* [What is needed]:
Exclude the pictures, then copy word for word the lines running from the beginning of the records through the line with "Hot Sales Food".

* [Data section]:
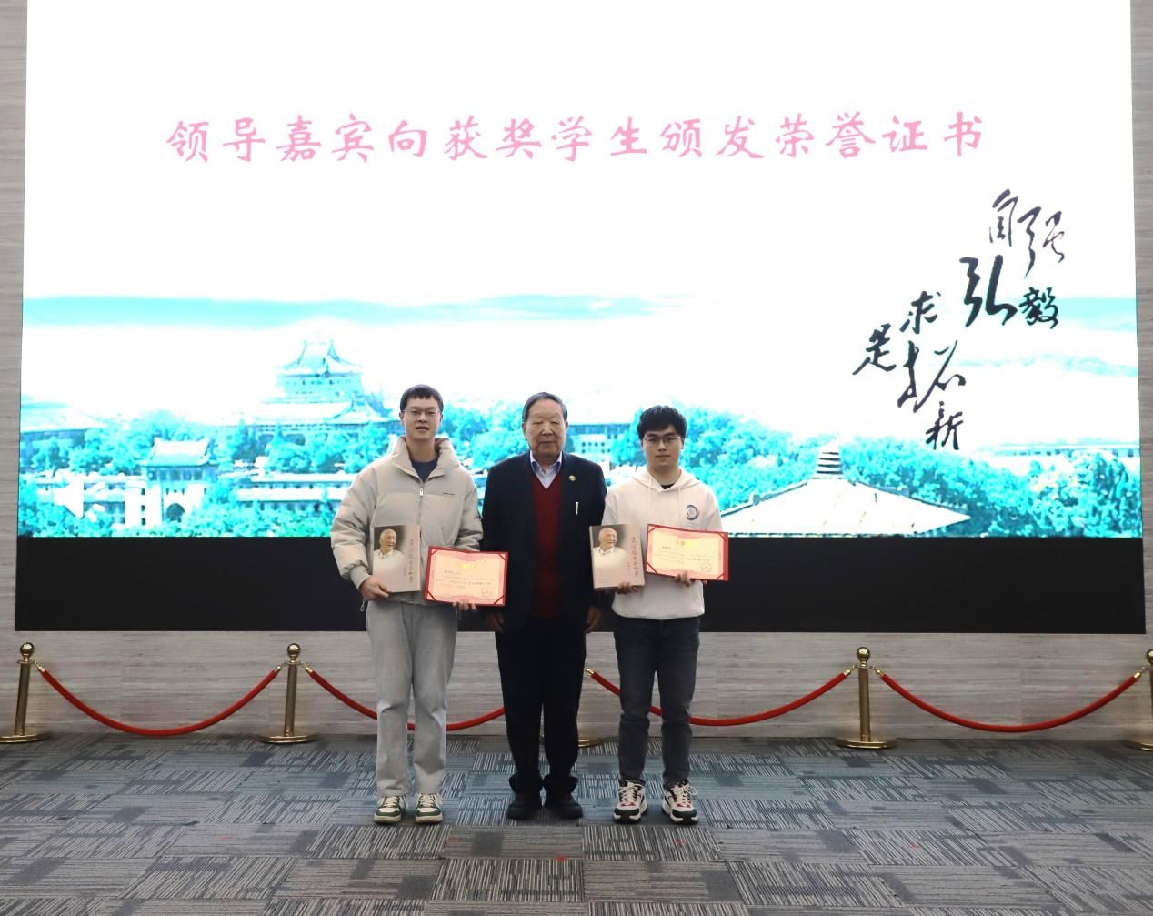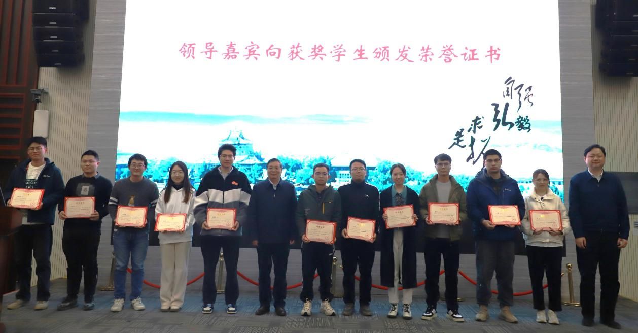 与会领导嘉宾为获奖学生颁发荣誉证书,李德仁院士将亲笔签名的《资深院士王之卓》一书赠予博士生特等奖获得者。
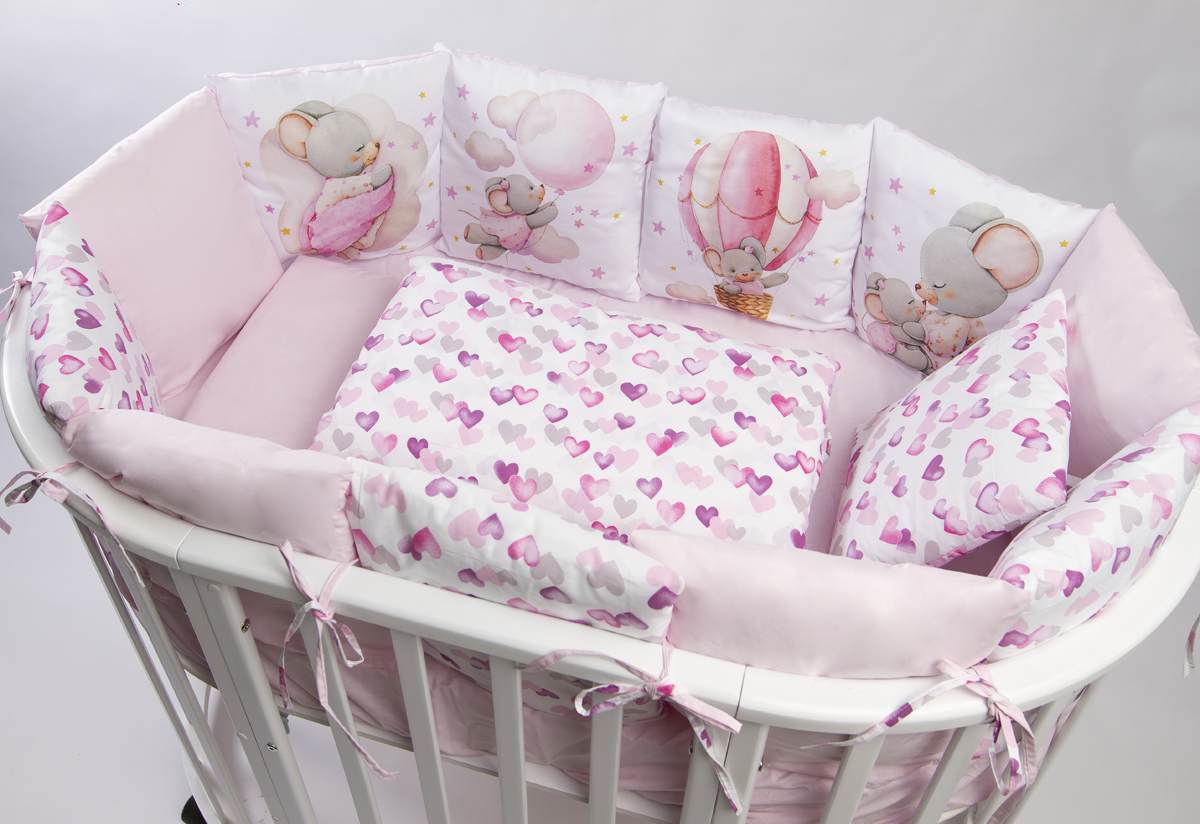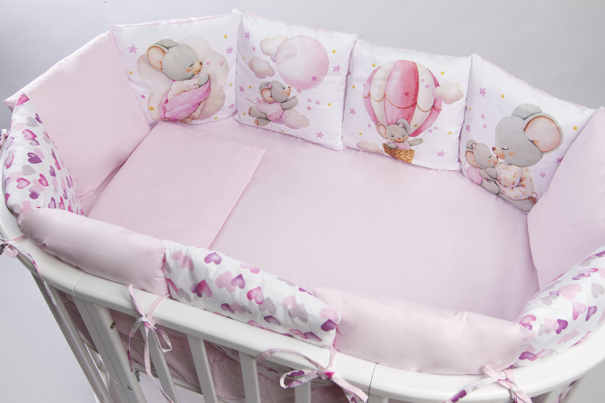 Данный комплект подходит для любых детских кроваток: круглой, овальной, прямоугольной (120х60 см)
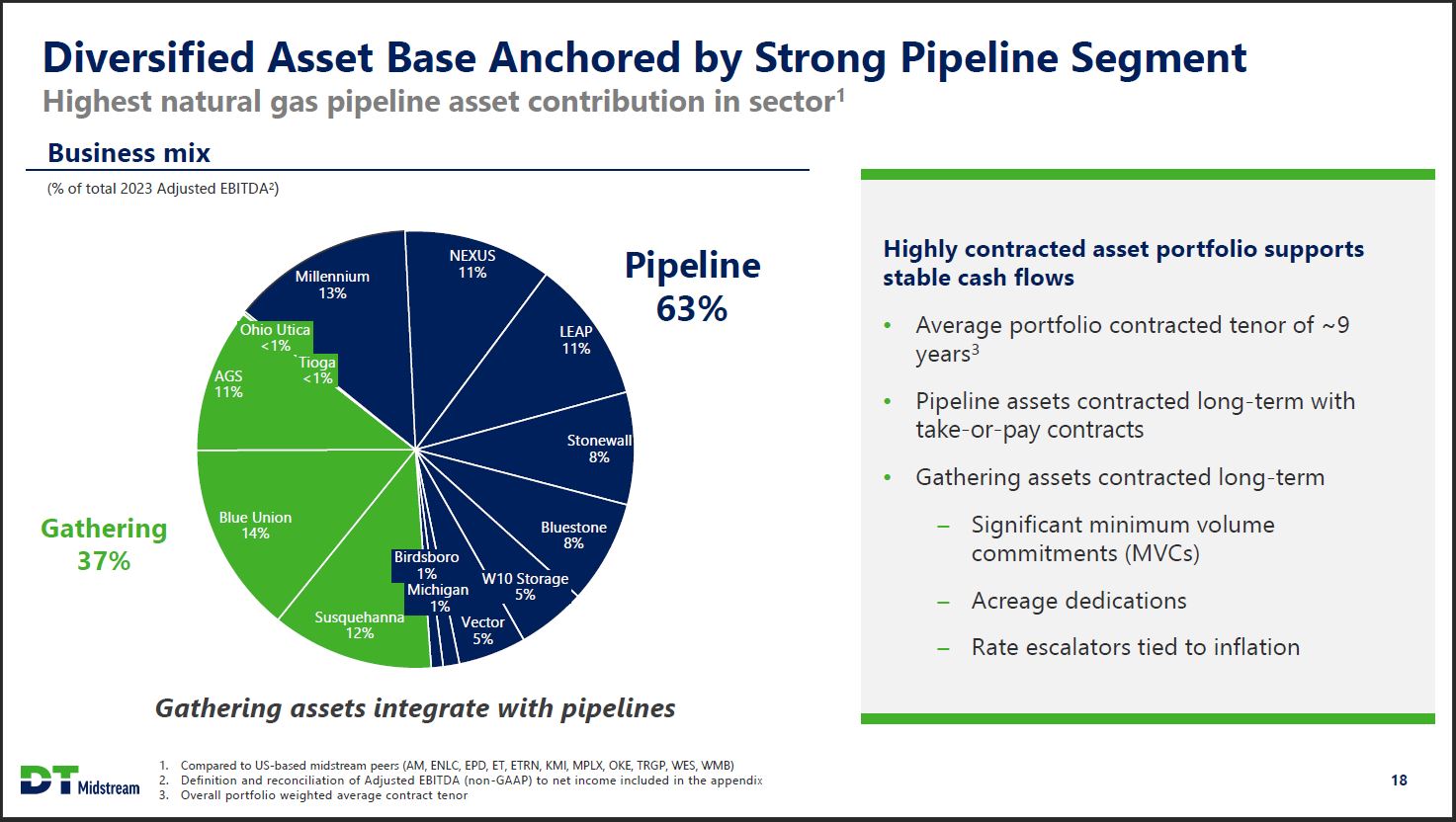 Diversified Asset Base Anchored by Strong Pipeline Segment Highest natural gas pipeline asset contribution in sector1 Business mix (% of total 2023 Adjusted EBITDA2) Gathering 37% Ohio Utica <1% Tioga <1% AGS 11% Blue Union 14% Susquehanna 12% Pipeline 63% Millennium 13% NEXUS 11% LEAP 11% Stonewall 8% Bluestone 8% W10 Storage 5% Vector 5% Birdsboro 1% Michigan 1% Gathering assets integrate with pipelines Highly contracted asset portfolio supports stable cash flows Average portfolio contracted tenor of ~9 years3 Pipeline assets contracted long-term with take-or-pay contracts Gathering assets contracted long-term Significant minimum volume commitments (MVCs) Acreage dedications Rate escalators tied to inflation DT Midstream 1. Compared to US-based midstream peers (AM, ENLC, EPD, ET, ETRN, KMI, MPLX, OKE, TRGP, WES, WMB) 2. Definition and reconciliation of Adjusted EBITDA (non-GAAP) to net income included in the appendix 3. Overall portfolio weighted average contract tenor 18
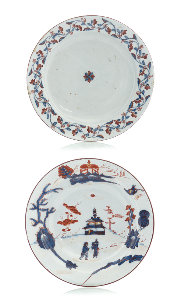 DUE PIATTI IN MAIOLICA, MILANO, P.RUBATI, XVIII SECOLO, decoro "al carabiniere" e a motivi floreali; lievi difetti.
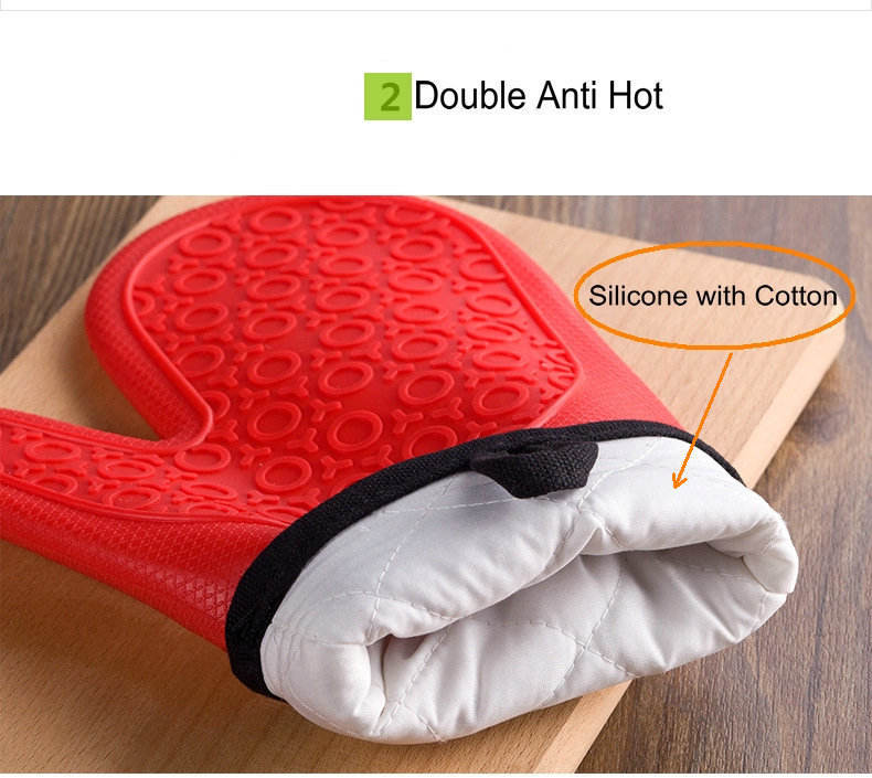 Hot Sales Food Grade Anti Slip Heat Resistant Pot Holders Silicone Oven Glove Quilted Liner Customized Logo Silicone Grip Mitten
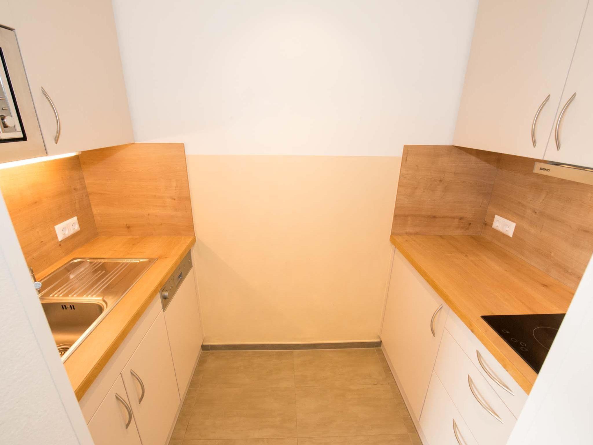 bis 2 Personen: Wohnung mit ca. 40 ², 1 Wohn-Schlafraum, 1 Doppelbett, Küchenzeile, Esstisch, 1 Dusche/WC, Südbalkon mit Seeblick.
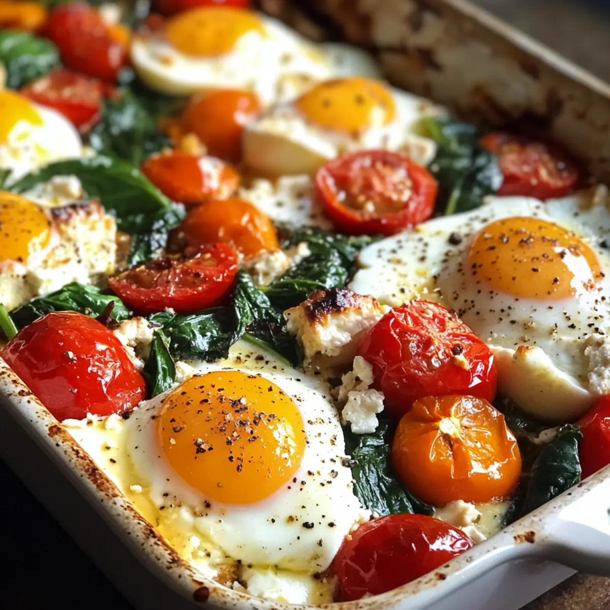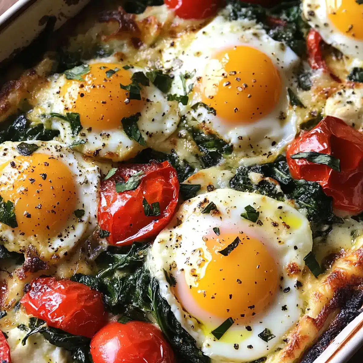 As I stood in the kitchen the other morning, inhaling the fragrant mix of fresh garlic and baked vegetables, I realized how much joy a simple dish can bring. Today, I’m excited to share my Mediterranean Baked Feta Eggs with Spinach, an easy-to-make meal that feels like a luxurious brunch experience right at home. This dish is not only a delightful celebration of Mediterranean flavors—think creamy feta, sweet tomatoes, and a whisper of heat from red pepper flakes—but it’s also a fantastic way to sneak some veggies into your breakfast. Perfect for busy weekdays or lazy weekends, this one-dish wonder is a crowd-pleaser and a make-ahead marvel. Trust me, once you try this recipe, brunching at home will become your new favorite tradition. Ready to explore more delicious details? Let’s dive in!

* [Completed task]:
 与会领导嘉宾为获奖学生颁发荣誉证书,李德仁院士将亲笔签名的《资深院士王之卓》一书赠予博士生特等奖获得者。
 Данный комплект подходит для любых детских кроваток: круглой, овальной, прямоугольной (120х60 см)
 Diversified Asset Base Anchored by Strong Pipeline Segment Highest natural gas pipeline asset contribution in sector1 Business mix (% of total 2023 Adjusted EBITDA2) Gathering 37% Ohio Utica <1% Tioga <1% AGS 11% Blue Union 14% Susquehanna 12% Pipeline 63% Millennium 13% NEXUS 11% LEAP 11% Stonewall 8% Bluestone 8% W10 Storage 5% Vector 5% Birdsboro 1% Michigan 1% Gathering assets integrate with pipelines Highly contracted asset portfolio supports stable cash flows Average portfolio contracted tenor of ~9 years3 Pipeline assets contracted long-term with take-or-pay contracts Gathering assets contracted long-term Significant minimum volume commitments (MVCs) Acreage dedications Rate escalators tied to inflation DT Midstream 1. Compared to US-based midstream peers (AM, ENLC, EPD, ET, ETRN, KMI, MPLX, OKE, TRGP, WES, WMB) 2. Definition and reconciliation of Adjusted EBITDA (non-GAAP) to net income included in the appendix 3. Overall portfolio weighted average contract tenor 18
 DUE PIATTI IN MAIOLICA, MILANO, P.RUBATI, XVIII SECOLO, decoro "al carabiniere" e a motivi floreali; lievi difetti.
 Hot Sales Food Grade Anti Slip Heat Resistant Pot Holders Silicone Oven Glove Quilted Liner Customized Logo Silicone Grip Mitten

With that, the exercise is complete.